Doe v. McKay

JUSTICE HARRISON,

dissenting:

My colleagues expound at length about the need to protect medical providers from liability to some indeterminate class of nonpatient third parties. They fail to see that that is not what this case is about at all. Plaintiff here was not a chance bystander or random member of the general public. He was a relative of the therapist’s patient, he was the alleged cause of the patient’s psychological difficulties, and, according to the complaint, the therapist specifically arranged to have him participate in the patient’s therapy sessions as part of the patient’s treatment program.

Where a third party has the kind of relationship with the patient that John Doe had here and the therapist chooses to make that third party an integral part of a patient’s treatment, as the therapist in this case did, the majority’s concerns about compromising patient confidentiality and divided loyalty make no sense. It was the therapist who orchestrated what happened here, she did so with the patient’s consent, and once John Doe began participating in the sessions at the therapist’s behest, protecting the patient’s condition against disclosure to third parties ceased to be a consideration. Divulging the patient’s complaints to John Doe was, in fact, the very foundation of the therapist’s treatment plan. As the majority notes, the therapist hoped that the shock effect of the patient’s disclosures would force Doe to confess.

As it turned out, no confession was forthcoming. The plan failed. The damage that John Doe allegedly sustained as a result was foreseeable by any meaningful standard. The likelihood of injury was great, the burden of guarding against that injury was slight, and there would be no significant adverse consequences from placing that burden on the therapist.

The majority claims that approving plaintiff’s cause of action

“would mean that therapists generally, as well as other types of counselors, could be subject to suit by any non-patient third party who is adversely affected by personal decisions perceived to be made by a patient in response to counseling.” 183 Ill. 2d at 282.

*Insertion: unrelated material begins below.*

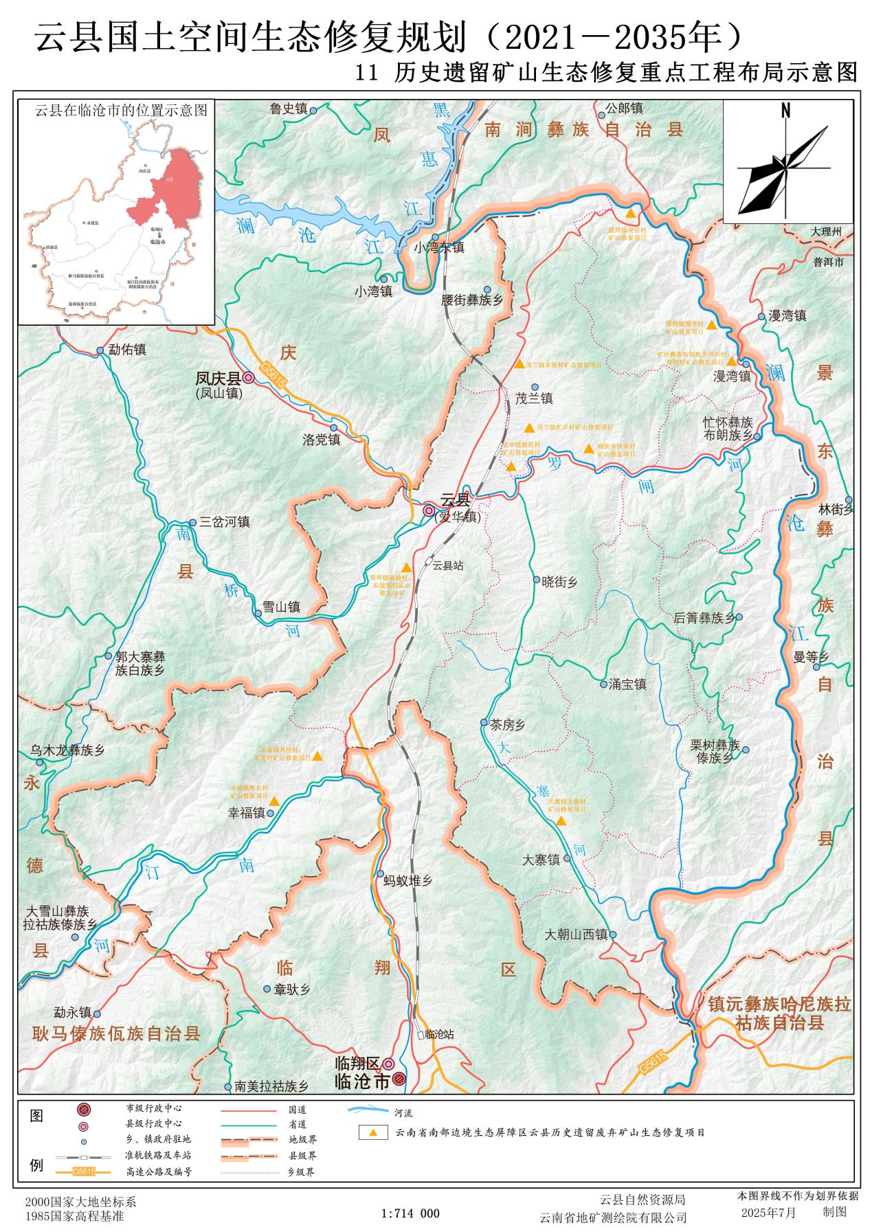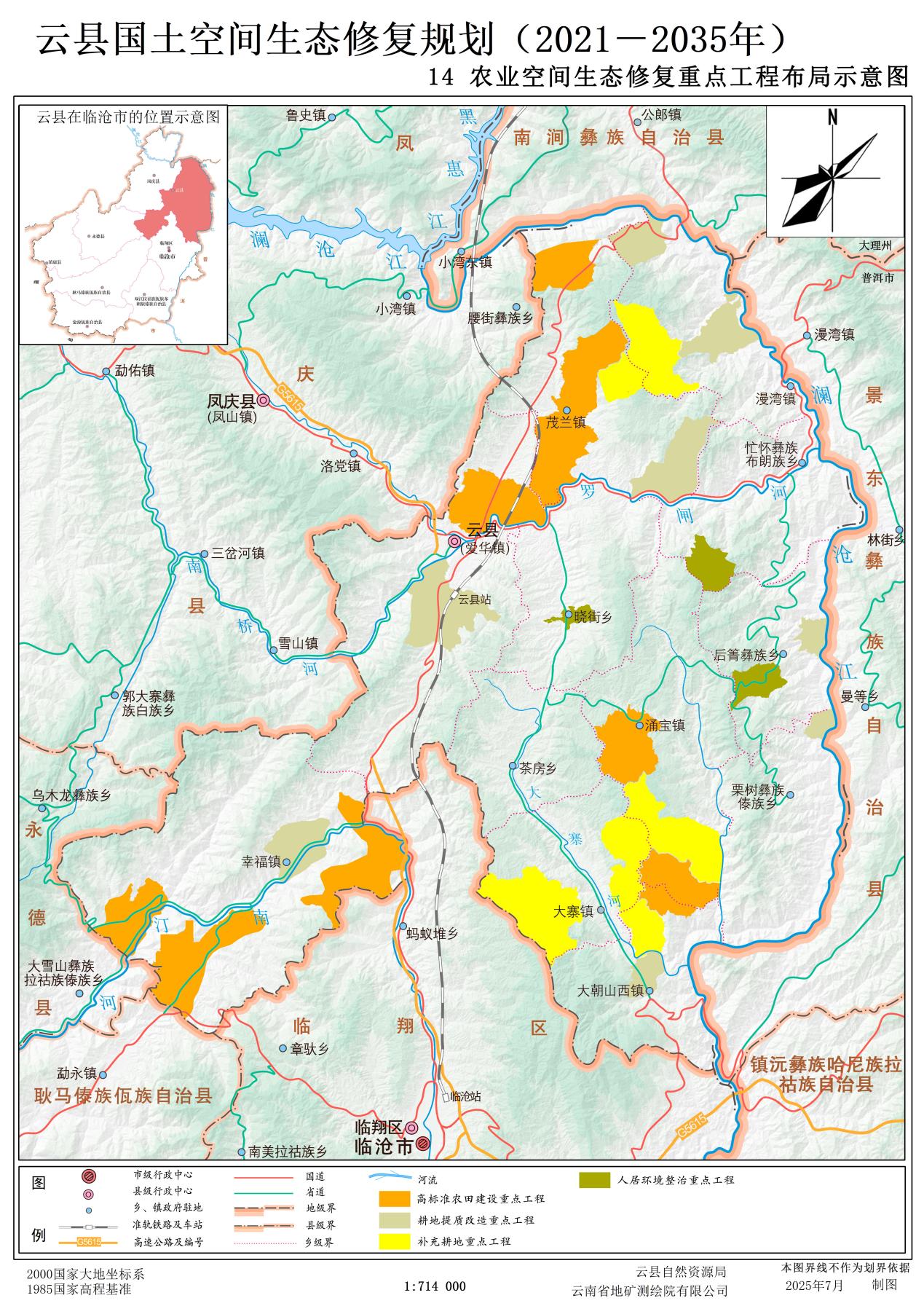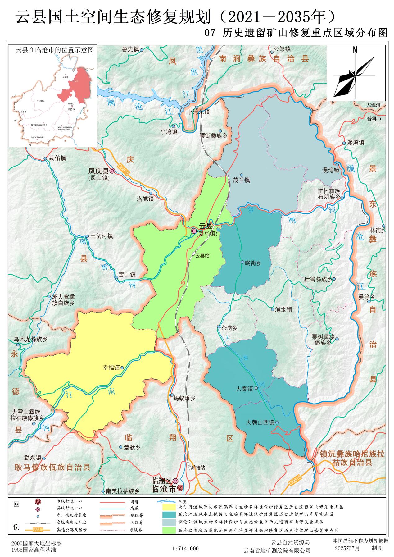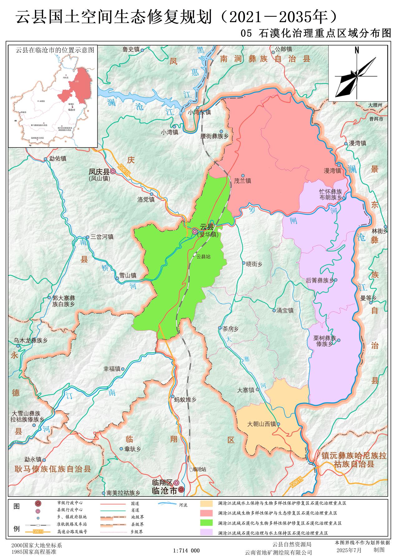 云县东隔澜沧江与普洱市的景东彝族自治县相望,南接临翔区、西北同凤庆县毗邻,西南与永德县、耿马傣族佤族自治县相连,北以澜沧江为界与南涧彝族自治县连接,属于澜沧江流域水土保持与生物多样性保护修复核心区域,肩负着维护临沧市乃至全省生态安全的重大职责。统筹全县国土空间生态修复,实施山水林田湖草沙系统治理,对全面筑罗扎河-澜沧江和哀牢山生态屏障,服务全县生态文明建设和高质量发展具有重大意义。

This is patently untrue. A cardinal principle of our common law system is that a holding can have no broader application than the facts of the case that gave rise to it. Cates v. Cates, 225 Ill. App. 3d 509, 513 (1992), aff’d, 156 Ill. 2d 76 (1993), citing Nix v. Smith, 32 Ill. 2d 465 (1965). The case before us today does not involve “therapists generally,” but a licensed clinical psychologist. As previously indicated, plaintiff was not simply “any third party,” but a family member who was used as a tool in plaintiff’s treatment program. Moreover, the harm alleged here did not result from “personal decisions perceived to be made by a patient,” whatever that means. It was the product of a failed course of treatment formulated by a mental health professional.

In O'Hara v. Holy Cross Hospital, 137 Ill. 2d 332, 342 (1990), this court held that a hospital has a duty to protect a parent from harm where the parent is invited to participate in her child’s care and treatment. I see no reason why we should not recognize a similar duty on the part of the psychologist who has been sued in this case. I would further hold that the plaintiff should be allowed to seek damages from that psychologist for lost society and companionship based on intentional and direct interference with a family relationship. The judgment of the appellate court should therefore be affirmed.